Anybody can recommend a British national for an honour, which consist of life peerages, knighthoods, appointments to the Order of the British Empire and gallantry awards to servicemen and women and civilians.

Nominations, submitted either by government departments or by members of the public, are divided into subject areas and assessed by committees comprising independent experts and senior civil servants.

Their assessments are passed to a selection committee that produces the list, independently of government, that is submitted to the Queen through the prime minister.

The Queen informally approves the list and letters are sent to each nominee. Once a nominee accepts the proposed honour, the list is formally approved.

The honours are published in the official Crown newspaper, the London Gazette.

Private nominations, made by individuals or by representatives of organisations to the Cabinet Office, traditionally make up about a quarter of all recommendations.

Honorary awards for foreign nationals are recommended by the Secretary of State for Foreign and Commonwealth Affairs.
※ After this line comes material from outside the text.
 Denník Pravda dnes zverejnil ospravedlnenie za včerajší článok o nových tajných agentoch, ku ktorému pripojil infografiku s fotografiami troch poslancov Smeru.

Orders for chivalry are made after a personal decision by the Queen.

Life Peers

Life peerages are the only form of peerages regularly created by the Sovereign.
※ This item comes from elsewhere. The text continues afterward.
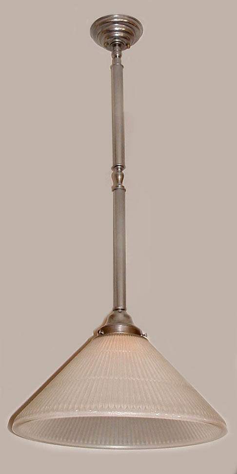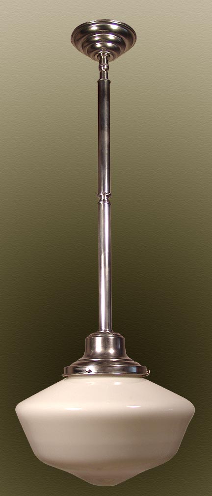 A Classic Schoolhouse Pendant in Polished Nickel Finish.

A life peer becomes a baron and sits in the House of Lords on conferment of peerage.

These are titles which they hold only during their lifetime and are not passed to their heirs.

Knights Bachelor

The honour of knighthood comes from the days of medieval chivalry, as does the method used to confer the knighthood: the accolade, or the touch of a sword by the Sovereign.

Although Knights Bachelor do not comprise an order of chivalry, knighthood is a dignity which has its origins in Britain in Saxon times. They are styled "Sir" (except for clergymen who do not receive the accolade) and their wives "Lady".

Women receiving the honour are styled "Dame" but do not receive the accolade.

The Order of the Bath

The Order of the Bath is an order of chivalry and was founded in 1725 for service of the highest calibre. The order has a civil and military division and is awarded in the following ranks: Knight Grand Cross (GCB), Knight Commander (KCB) and Companion (CB).

The Order takes its name from the symbolic bathing which in former times was often part of the preparation of a candidate for knighthood.

Order of St Michael and St George

This Order was founded by King George III in 1818 and is awarded to British subjects who have rendered extraordinary and important services abroad or in the Commonwealth. Ranks in the Order are Knight or Dame Grand Cross (GCMG), Knight or Dame Commander (KCMG or DCMG) and Companion (CMG).

Order of the Companions Honour

This is awarded for service of conspicuous national importance and is limited to 65 people. Recipients wear the initials CH after their name.

Orders of the British Empire

King George V in 1917 created these honours during World War 1 to reward services to the war effort by civilians at home and servicemen in support positions.

The orders are now awarded mainly to civilians and service personnel for public service or other distinctions and has a military and a civil division. Ranks in the Order are Knight or Dame Grand Cross (GBE), Knight or Dame Commander (KBE or DBE), Commander (CBE), Officer (OBE) and Member (MBE).

Royal Victorian Order

By 1896, prime ministers and governments had increased their influence over the distribution of awards and had gained almost total control of the system. Therefore, Queen Victoria instituted The Royal Victorian Order as a personal award for services performed on her behalf.

Today this honour is still awarded in recognition of services to the royal family. The ranks are Knight or Dame Grand Cross (GCVO), Knight or Dame Commander (KCVO or DCVO), Commander (CVO), Lieutenant (LVO) and Member (MVO).

Royal Victorian Medal

Associated with the Royal Victorian Order is the Royal Victorian Medal which has three grades: gold, silver and bronze. The circular medal is attached to the ribbon of the Order.

More than one grade may be held by the same person and the medal may be worn along with the insignia of the Order itself.

Royal Red Cross

Founded in 1883 by Queen Victoria, The award is confined to the Nursing Services. Those awarded the First Class are designated "Members" (RRC): those awarded the Second Class are designated "Associates" (ARRC).

It is said that the suggestion for the founding of this decoration was made to Queen Victoria by Miss Florence Nightingale.

Queen's Police Medal

This is awarded for distinguished service to the police force.

Queen's Fire Service Medal

This honour is given to firefighters who have displayed conspicuous devotion to duty.